I think it’s fine for this to be poorly defined; what I want is something aligned with reality beyond op-eds. Qualitative evidence isn’t bad; but I think it needs to be aggregated instead of anecdoted. Humans are real bad at judging how the kids are doing (complaints like the OP are older than liberal education, no?); I don’t want to continue the pattern. A bunch of old people worrying too much about students not reading shakespear in classes is how we got the cancel culture moral panic - I’d rather learn from that mistake.
A handful of thoughts: There are longitudinal studies that interview kids at intervals; are any of these getting real weird swings? Some kids have AI earlier; are they much different from similar peers without? Where’s the broad interviews/story collection from the kids? Are they worried? How would they describe their use and their peers use of AI?
As I understand it, there are many many such models. Especially those made for academic use.
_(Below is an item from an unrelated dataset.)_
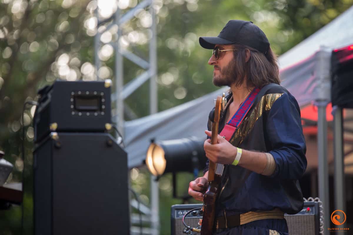 La fin d’après-midi sous les platanes et le chant des cigales commence avec les sons de DJ Paxton. Il assurera l’ensemble des inter-scènes ce qui permet de conserver une ambiance musicale sans coupure.
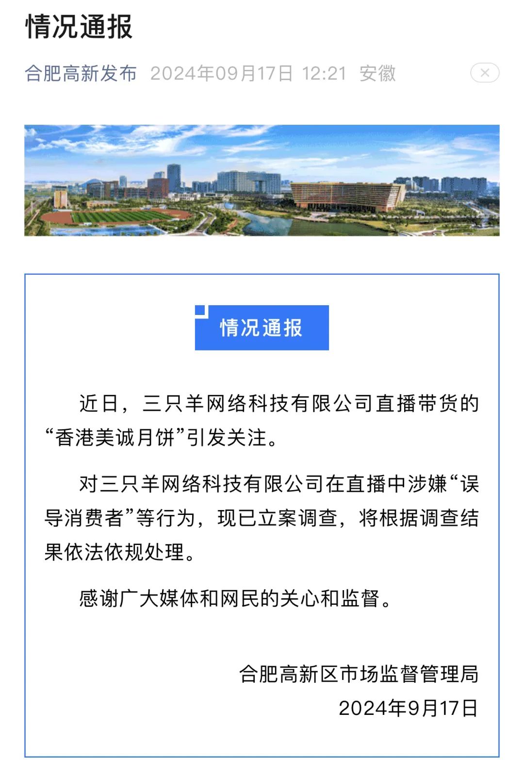 而在9月17日中秋节当天,合肥市高新区市场监管局在“合肥高新发布”微信公众号发布情况通报,对三只羊网络科技有限公司(简称“三只羊”)在直播中涉嫌“误导消费者”等行为,展开立案调查。

Some common training corpus’s are listed here: https://www.tensorflow.org/datasets
Examples include wikipedia edits and discussions, and open source scientific articles.
Almost all research models are going to be trained on stuff like this. Many of them have demos, open code, and local installation instructions. They generally don’t have a marketing budget. Some of the models listed here certainly qualify: https://github.com/eugeneyan/open-llms?tab=readme-ov-file
Both of these are lists that are not so difficult to get on; so I imagine some of these have trouble with falsification or mislabeling, as you point out. But there’s little reason for people to do so (beyond improving a papers results I guess?).
Art generation seems to have had a harder time, but there are stable diffusion equivalents that used only CC work. A few minutes of search found: Common Canvas, claims to have been competitive.